During the natural course of chronic HBV infection, patients undergo a process of hepatitis B e antigen (HBeAg) seroconversion. Subsequently, their liver enzymes return to normal or nearly normal. The prevalence of HBeAg negativity in chronic HBV infection has reached more than 70% in a previous report. Nevertheless, HBV mutants selected during HBeAg seroconversion, which allow the persistence of viral replication after loss of HBeAg with associated liver damage have been reported. Among these mutants, precore stop codon mutation (G1896A) that abolishes the synthesis of HBeAg has been extensively studied and may play a role in HBeAg-negative chronic hepatitis B. In addition, double mutations in the basal core promoter (A1762T and G1764A) are also demonstrated to reduce the synthesis of HBeAg by suppressing the transcription of precore mRNA in both HBeAg-positive and -negative patients.
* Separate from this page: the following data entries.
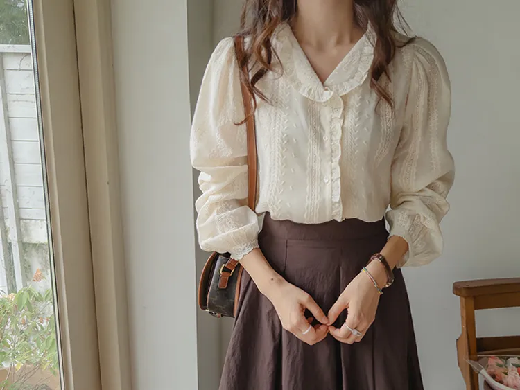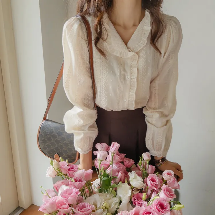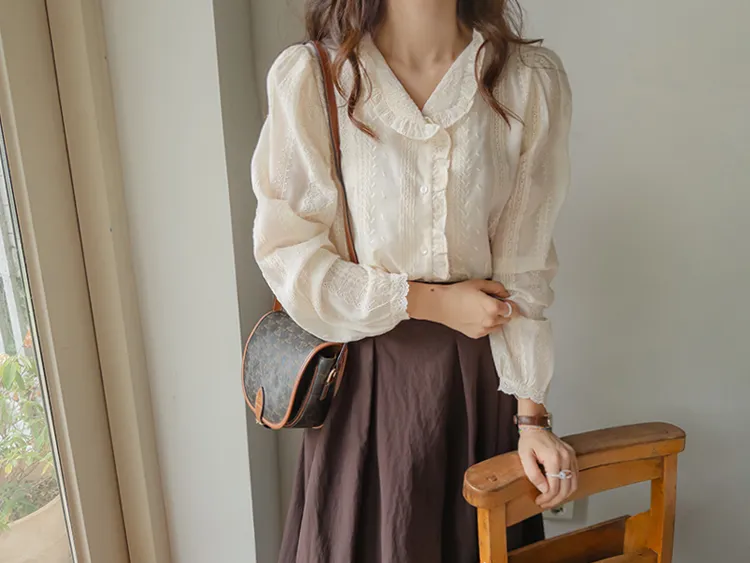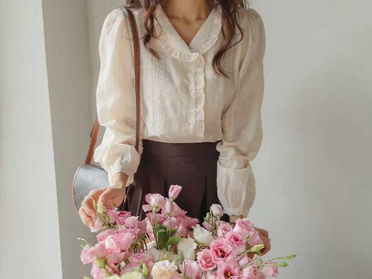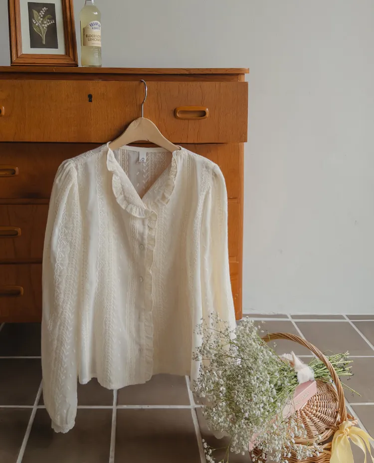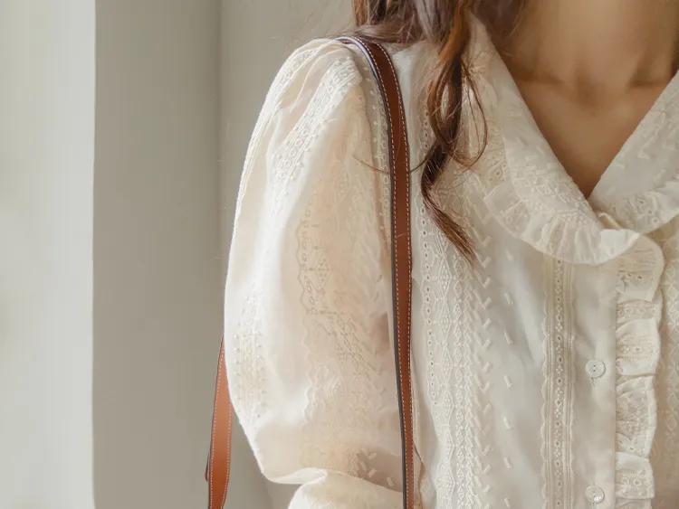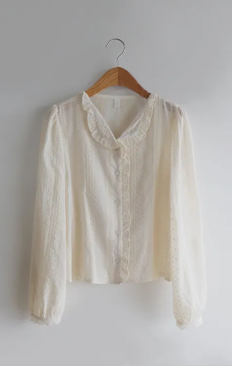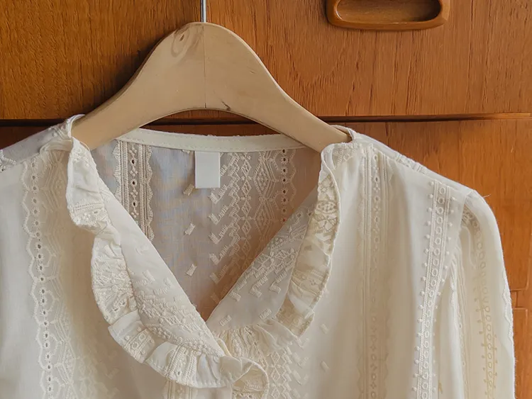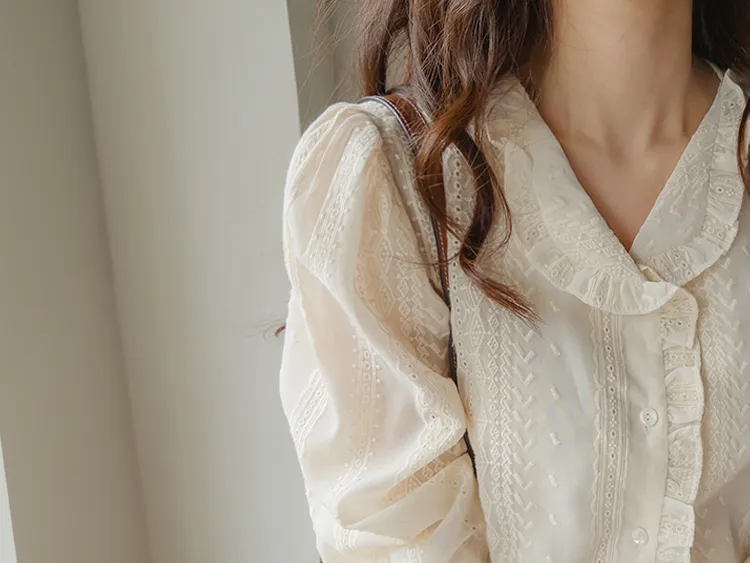 浪漫摺邊領蕾絲刺繡排扣上衣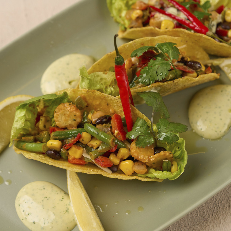 Die Tacos mit der heißen Gemüsemischung füllen. Mit der frisch zubereiteten Mayonnaise, Salatspitzen, Koriander, Chili und geriebenem Gouda garnieren. Sofort servieren und genießen!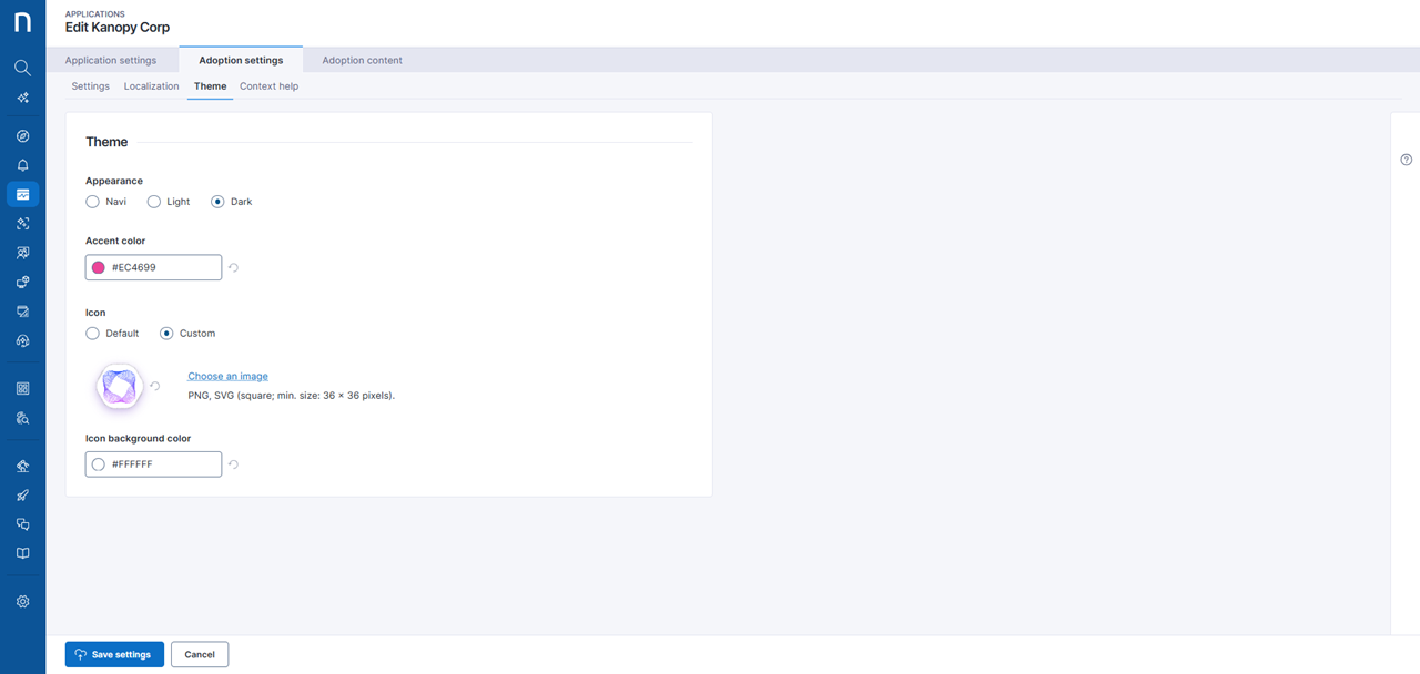 3. Under **Adoption settings** > **Theme** tab, choose a background color for the icon using a HEX code. For example: `#1046a8`
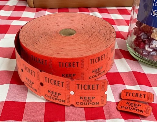 Double ticket roll "Ticket/Keep This Coupon", red 1 x 2, 2000/rl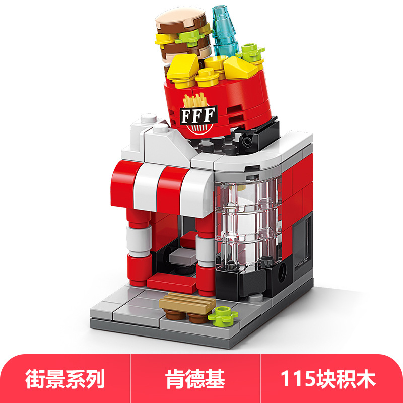 Lele Brothers 빌딩 블록 스트리트 뷰 어린이 교육 조립 장난감 소년 가게 퍼즐 빌딩 모델 하우스 선물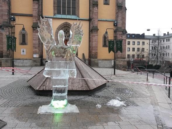 Мы решили прогуляться по рождественскому базару и проверить, а не делают ли где-нибудь еще такие скульптуры. Нет, наша была единственной. Но когда мы к ней вернулись, то у нее появилось крыло!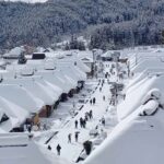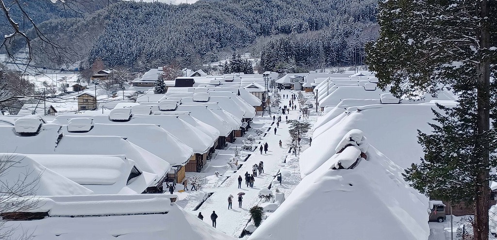 雪の大内宿(福島県下郷町)。台湾からの団体客がいっぱい。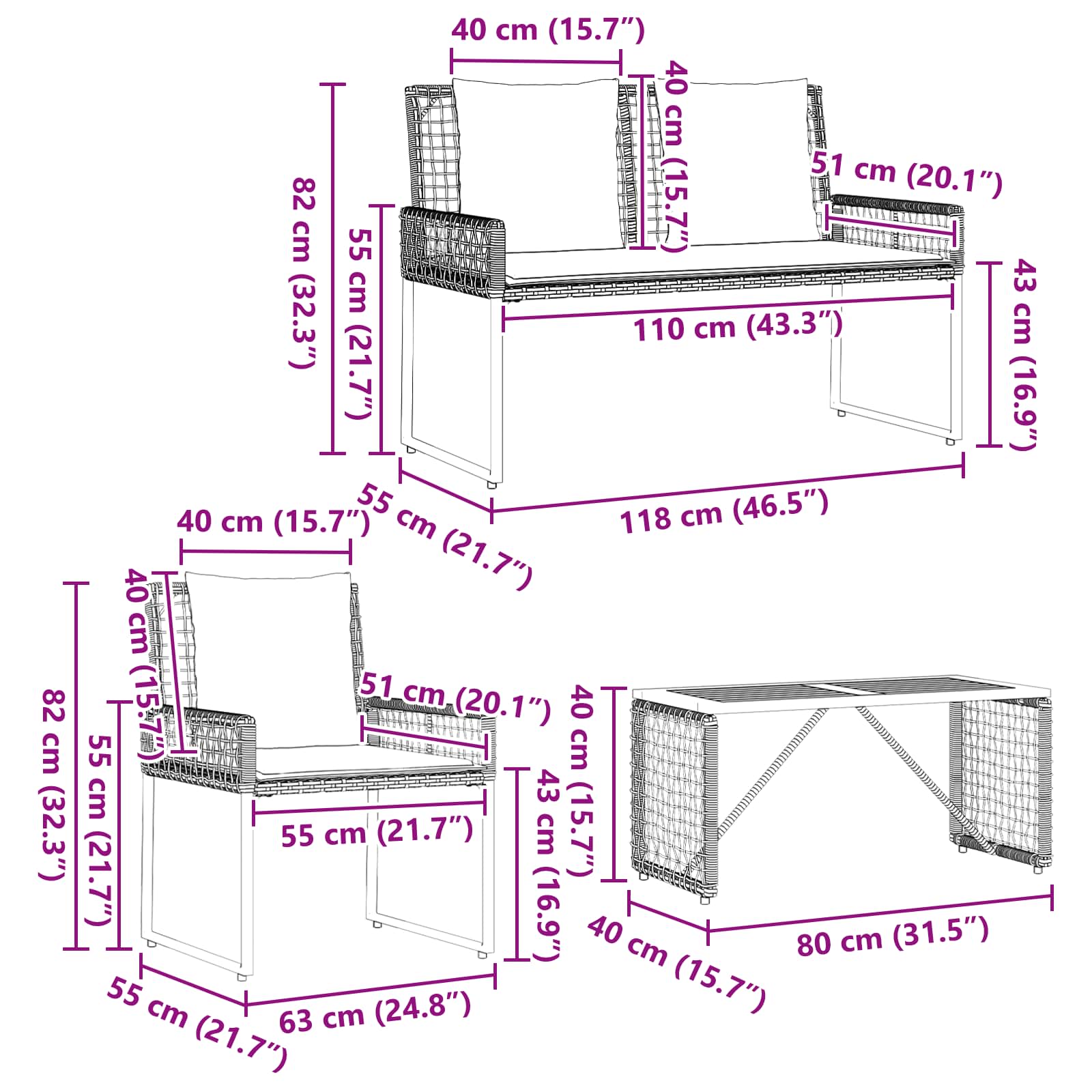 Tento moderní venkovní nábytek je tady pro ty, kteří chtějí pozvednout svou zahradu nebo terasu s stylem a funkčností. Ideální na jaro a léto, tento krásně vyrobený kousek nabízí rustikální kouzlo a zachovává si přirozenou krásu. Pečlivě vybraný poly ratan přináší šik a pohodový vzhled, zatímco elegantní pletený vzor dodává šmrnc jakémukoli venkovnímu uspořádání. Představte si poklidné odpoledne nebo živé večery ve vaší zahradě, které obohatí vaši venkovní zkušenost díky tomu všestrannému a elegantnímu setu, který je vhodný pro různé příležitosti a nastaví atmosféru.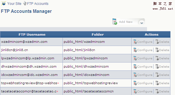 注意:删除FTP账户后,对应的目录不会被删除,如果需要,自己可以手动到File Manager里删除

The natural history of HBeAg-negative chronic HBV infection becomes clearer, and a significant proportion of patients may have advanced liver fibrosis at presentation. In general, the long-term outcomes including risk of liver cirrhosis and HCC development in patients with HBeAg-negative chronic hepatitis B are distinct from those with HBeAg-positive chronic hepatitis.

Chronic persistent infection, cirrhosis, male gender and advanced age are the well-known risk factors associated with the development of HBV-related HCC. In addition, the clinical relevance of HBV genotypes has been emphasized. In summary, patients with genotype C infection have a higher positive rate of HBeAg and more severe liver disease. Our recent study also showed that basal core-promoter mutant of HBV may increase the risk of HCC development for both genotypes B and C infection. Of particular note is all these studies were based on HBV carriers irrespective of HBeAg status. A recent report indicated that HBeAg positivity is significantly associated with the development of HCC in male carriers, suggesting chronic inflammation may provide a carcinogenic background for hepatocyte. Therefore, it is interesting and important to clarify the molecular virologic factors that contribute to the progression of liver disease in HBeAg-negative chronic hepatitis B. In this study, we thus investigated the association of HBV genotypes as well as precore/basal core-promoter mutants with the clinical and virological characteristics of patients with HBeAg-negative chronic HBV infection in Taiwan.